Typically, Full Disclosure tries to expose the details of a political candidate who was once convicted of a felony before Election Day. But in this case, it proved to be impossible because the Alameda County Superior Court Clerk's Office misplaced McWilson's file. It turned up after the election, and after McWilson was trounced by incumbent Marcie Hodge 61 percent to 38 percent.
In the spirit of "better late than never," here are the details from McWilson's criminal case file. Oakland police arrested McWilson in 1997 after getting a call from a teller at a Great Western Bank on Broadway in North Oakland. McWilson was 22 at the time and he was attempting to withdraw $4,700 from his bank account. The day before he had deposited ten $500 money orders in an ATM machine. The only problem was that the money orders were stolen.

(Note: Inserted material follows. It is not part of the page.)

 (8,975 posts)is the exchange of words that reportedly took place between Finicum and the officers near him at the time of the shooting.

According to police, McWilson had made the money orders out to himself and signed them himself, so he was arrested at the bank, and later charged with ten felony counts of possessing stolen checks with the intent to defraud. Two years later, he reached a plea bargain with the Alameda County District Attorney's Office and agreed to plead no contest to one of the felony charges in exchange for three years' probation. In the eyes of the law, pleading no contest is the same as pleading guilty. McWilson subsequently got the charge reduced to a misdemeanor, which is not unusual for a defendant with no prior criminal history.

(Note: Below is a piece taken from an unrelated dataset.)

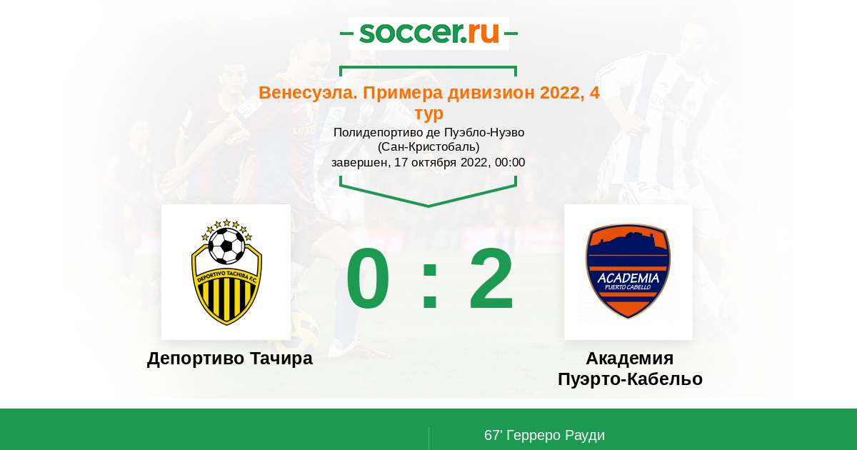 Протокол матча Депортиво Тачира против Пуэрто-Кабельо

McWilson said last week that he was not to blame for the incident, and that he was a victim himself. He said that a man who bought his car paid him with the money orders and he didn't know they were stolen. But when Full Disclosure asked him why the man who bought his car didn't sign the money orders over to him, McWilson couldn't explain it. In addition, there is no reference in the court file of McWilson ever telling authorities about this stolen-money-order-for-car story. In fact, police investigators submitted a sworn statement, saying that McWilson refused to talk to them.

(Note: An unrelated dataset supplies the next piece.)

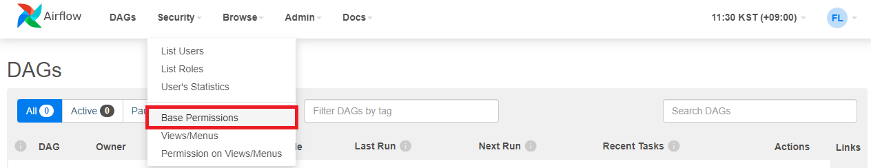 Base Permissions를 클릭하면 AirFlow에서 제공하는 기본 권한들을 확인할 수 있다.

So why would McWilson run for public office with a felony-conviction record? He said he wasn't worried that it would sink his chances and that people who endorsed him understood that he had made "some not-so-smart decisions" in his youth. Among his endorsers was the Alameda County Democratic Party, the same organization that endorsed Juarez. Which raises another question, why does the local Democratic Party keep endorsing people for public office, to handle the public's purse strings, when they either have criminal records involving theft and fraud or can't manage their own finances?
Crime Doesn't Pay
Staying with our politicos in trouble theme: James Muhammad, who ran unsuccessfully for the AC Transit board of directors earlier this month, is still being prosecuted by the Alameda County District Attorney's Office. Prosecutor Jeff Stark said Muhammad was charged before the election with felony election fraud for registering to vote in Emeryville and running for office from that city when he actually lives in Richmond. In fact, the address Muhammad used on his voter registration is actually his girlfriend's home in Oakland, Stark said. But the girlfriend told authorities that she wouldn't let Muhammad live there unless they got married, the prosecutor said. If Muhammad can't strike a plea deal by next month, he'll face a trial. Muhammad tried to defeat incumbent Greg Harper for his Ward Two seat, Berkeley, Emeryville, and part of Oakland, but was pummeled 74 percent to 25 percent.